Após a taxa de desemprego subir inesperadamente para o maior patamar em 26 anos e meio, Obama também informou que sancionou uma lei que estende benefícios para desempregados e compradores de imóveis.

"Acabei de sancionar a proposta de lei que irá ajudar o crescimento de nossa economia, irá salvar e criar novos empregos e dará assistência a famílias e empresas que estão passando por dificuldades", afirmou na Casa Branca.

"A necessidade de tal medida ficou clara com o relatório de empregos que recebemos nesta manhã. Apesar de termos perdido menos empregos que no mês passado, nossa taxa de desemprego subiu para mais de 10 por cento, um número que ressalta os desafios econômicos à frente."

A taxa de desemprego dos EUA saltou para seu nível mais alto em 26 anos e meio, para 10,2 por cento, em outubro, segundo dados divulgados nesta sexta-feira, o que aumenta a pressão sobre Obama para tomar mais medidas para lidar com o desemprego, mesmo com cada vez mais sinais de recuperação.

O Departamento de Trabalho informou que os empregadores cortaram 190 mil postos de trabalho em outubro, número maior que os 175 mil esperados pelo mercado, mas menor que os 219 mil de setembro.

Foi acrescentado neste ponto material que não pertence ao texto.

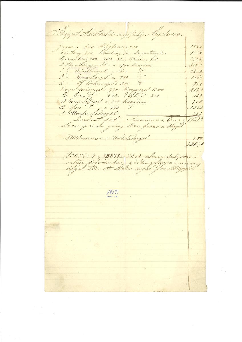 Gå tillbaka till sökLägg till i Min samlingKopiera länkSkriv utSegeluppgifter om AUSTRALIA av kapten StrömbergAUSTRALIA, 1845, tremastad fullriggareAktörerJohan Ferdinand Strömberg (1825 - 1894), Brukare Rolf Strömberg (1873 - 1941), Förvärvat frånKategoriövriga dokument (Dokument, handlingar)FartygAUSTRALIA, 1845, tremastad fullriggareFartygstyptremastad fullriggareInventarienummerSMG5156UtställdInte utställd på museet
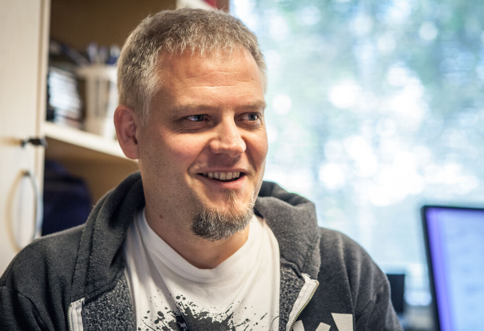 – Vi var et lite team i starten, og alle hadde dette som sideprosjekt i tillegg til vanlig jobb. Da vi trengte lyd og musikk, ble det min rolle å fikse det. Musikken som brukes i dag er den jeg spilte inn den gangen.
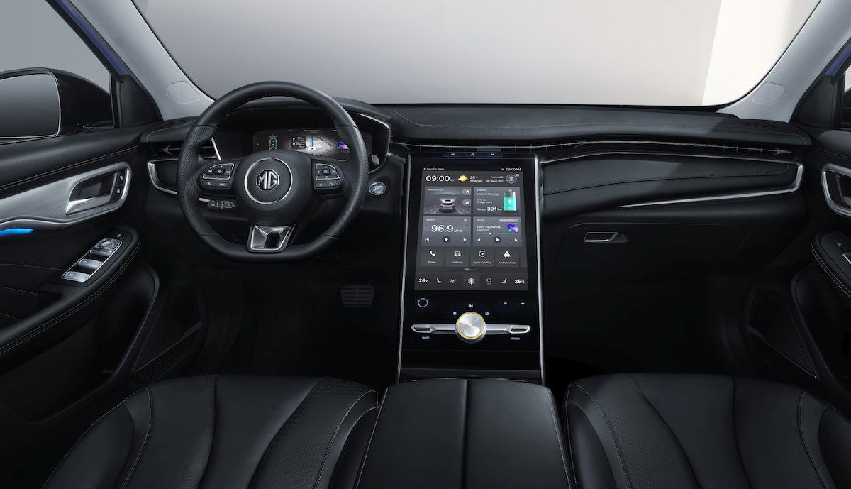 Für Reichweite und Laden nennt MG dieselben Daten wie für den Kombi (und ebenfalls keinen Preis), vielleicht wegen des Formats wirkt dieses Elektroauto aber moderner. Innen hat es einen im Hochformat eingebauten Mittel-Touchscreen, der mit 19 Zoll größer ist als in Tesla Model S und Model X. Und der Marvel R Electric nutzt nach den Angaben dazu ein Antriebssystem mit zwei Motoren an der Hinterachse und einem an der Vorderachse, wie es Tesla vor kurzem als „Plaid“-Option für seine aufgefrischten Model S und Model X angekündigt hat.

Um detalhe que torna o relatório mais otimista é que os cortes de vagas em agosto e setembro foram revistos, mostrando que houve 91 mil cortes a menos que os divulgados anteriormente.

Embora isso sugira que há melhora nas condições do mercado de trabalho, economistas esperavam que a taxa de desemprego alcançasse 9,9 por cento ante os 9,8 por cento de setembro.